# arcade game help



## Solac03 (Oct 4, 2019)

hi, 

I need help with an arcade game. I am trying to clone the game but it seems like it has some sort of protection. first off i am not doing this for piracy we own the whole arcade machine and the software breaks down. we have bought this software a number of times already, and now the company does not support this machine anymore. we still have a working usb drive and wanted to clone it.


----------



## SirDice (Oct 4, 2019)

What does any of this have to do with FreeBSD?

Rule #7: FreeBSD Forums Rules


----------



## Solac03 (Oct 5, 2019)

the game is running on freebsd, its a temple run arcade game.


----------



## Crivens (Oct 5, 2019)

Maybe we could set up some patreon or something for all these support questions regarding commercial problems? Maybe to sponsor new HW every now and then?

And for the OP: go to the next hacker space and bring a case of beer.
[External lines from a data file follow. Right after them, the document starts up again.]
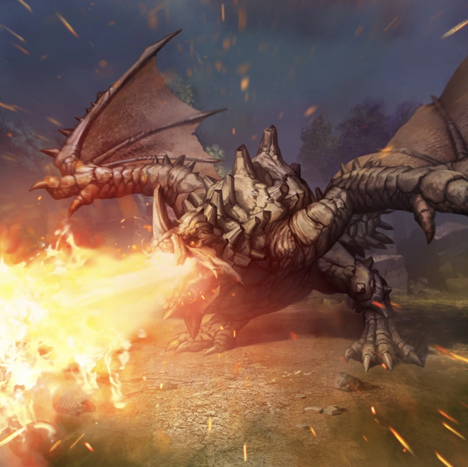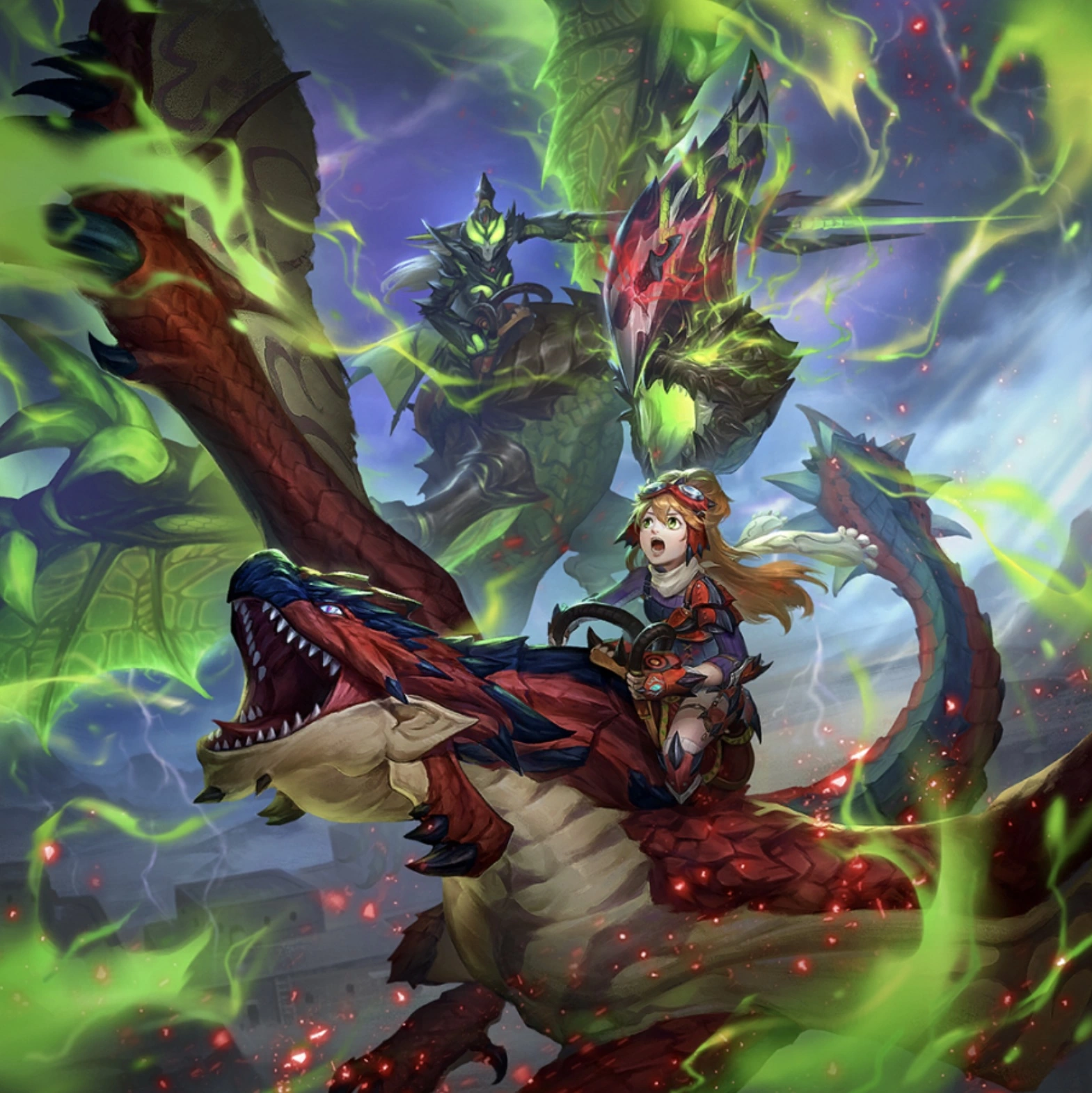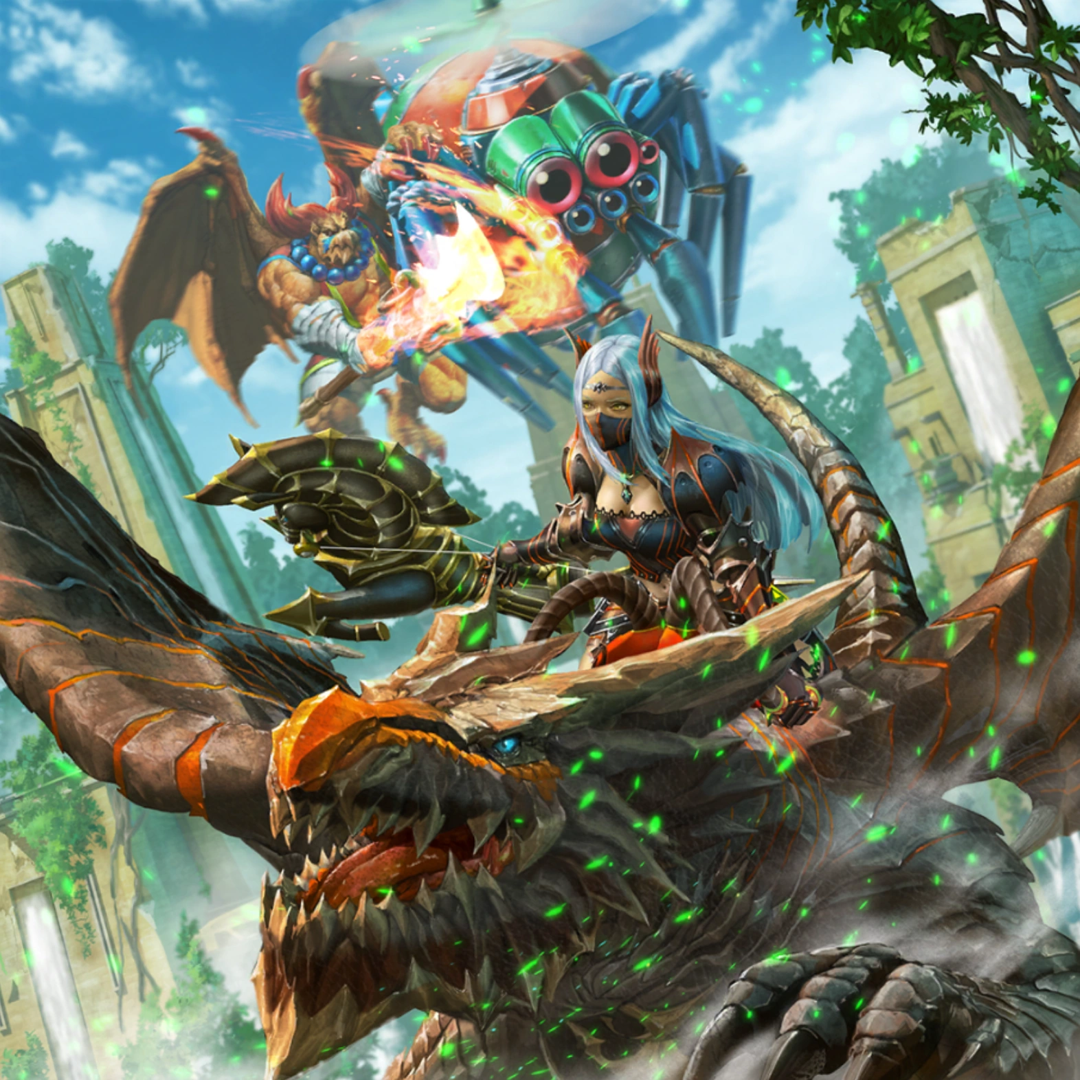 | Legendary Beast Alatreon | Alatreon | The torrent of flames was without parallel. The fire burned with such intensity that the very dust in the air was reduced to cinders, and the scene resembled a red snowstorm. | Type: Green Unit Cost: 8 MP Stats: 2 Attack/8 HP Effects: Spillover Attacking: Inflict Halt on 1 random enemy with an MP cost of 5 or less for 5 seconds. Death: Gain +2 MP. Unleash: 15 Gain +2 Attack, then deal damage to all enemy units equal to this unit's Attack. Set No: DTL 032 Secret |
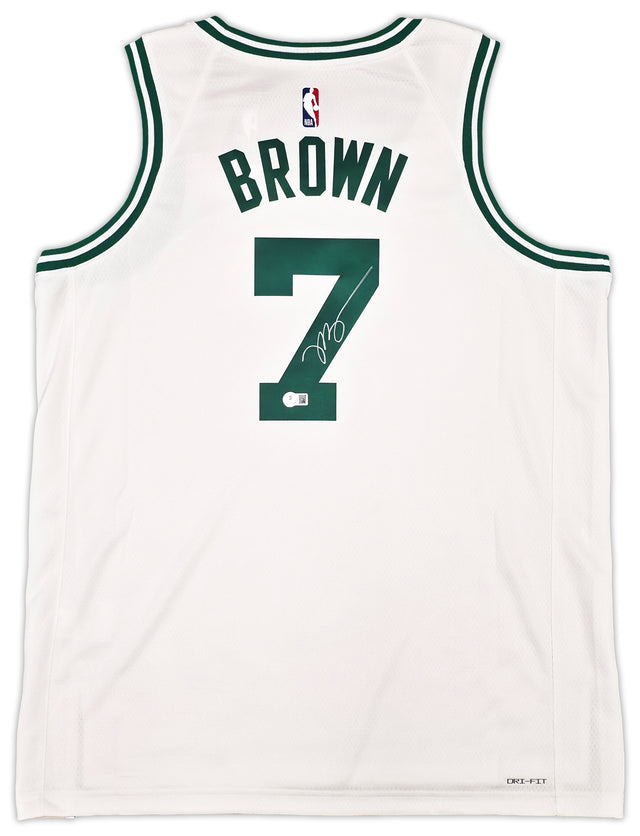 Boston Celtics Jaylen Brown Autographed White Nike Swingman Association Edition Jersey Size 52 Beckett BAS Witness Stock #256846 is backordered and will ship as soon as it is back in stock.
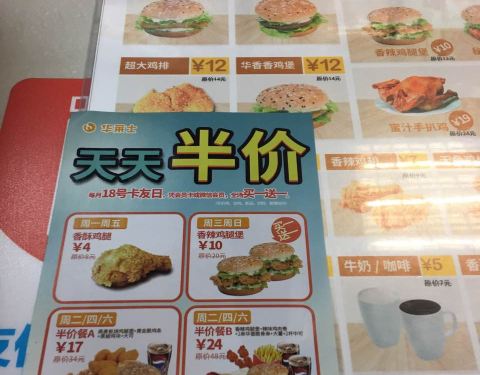 每个星期三都有优惠,很多人哦,比肯德基便宜又好吃,宝宝爱吃,经常来哦,
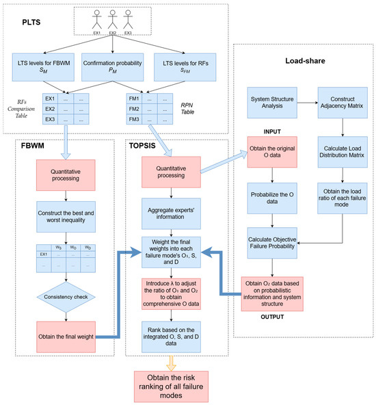 The method proposed in this paper is mainly divided into four parts. The first part is the PLTS method constructed by LTS and probability, which is used to quantify expert evaluation information. The second part is FBWM, which is applied to calculate the weights of RFs. The third part is load sharing, which deduces the probability of system failure caused by the occurrence of all fault modes based on the evaluation information of O. The fourth part is TOPSIS, which integrates the derived data into the original data for risk ranking, as specifically shown in Figure 2.
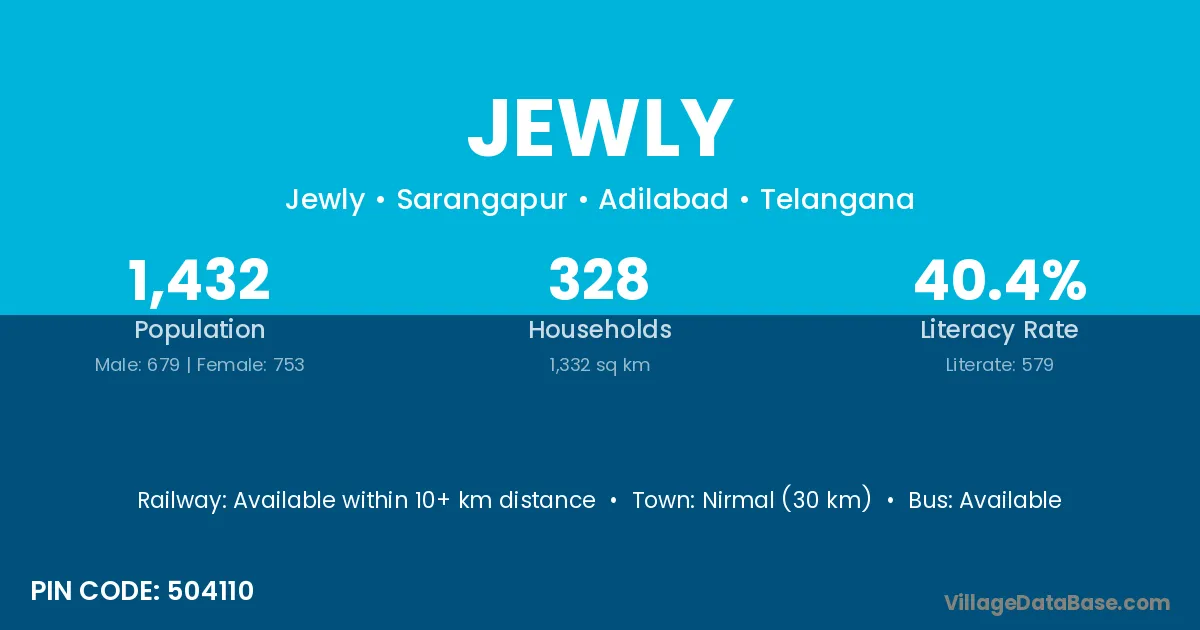 Nirmal (30 km) is the nearest town to Jewly village for major economic activities and is located approximately 30 km away.
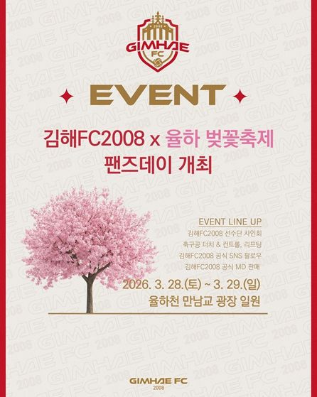 구단 관계자는 “4월에 예정된 원정 경기 일정으로 인해 홈 구장을 잠시 비우게 되는 만큼, 그전에 팬들과 직접 만나 응원의 기운을 나누고자 이번 행사를 기획했다”며 “화창한 봄날, 벚꽃과 함께 김해FC 팬즈데이 부스에서 즐거운 시간을 보내시길 바란다”고 전했다.
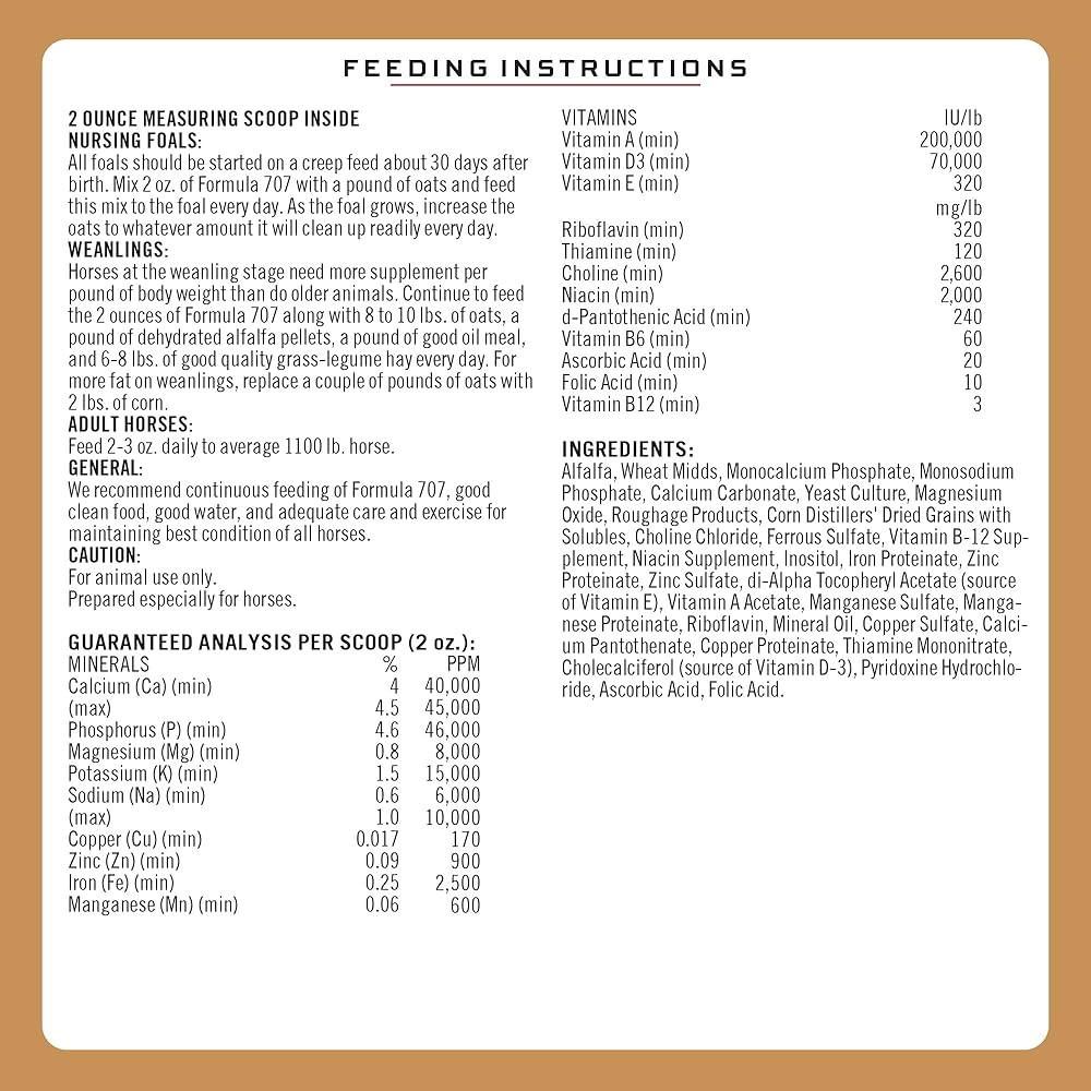 Formula 707 Daily Essentials Ration Balancer Supplement for Horses, 6 lb Bag – 48 Servings – Concentrated Complete Vitamin & Mineral Pellet

That should do the trick.


----------



## SirDice (Oct 7, 2019)

Apparently the "Temple Run Arcade" cabinet made by Coastal Amusements runs on top of FreeBSD -> Reddit post.



Solac03 said:


> first off i am not doing this for piracy we own the whole arcade machine and the software breaks down.


It's still piracy because you don't own the license or the intellectual property for the game itself and you don't have permission from the original owner of said property.

So, no, we cannot help you.


----------



## Solac03 (Oct 11, 2019)

ok.


----------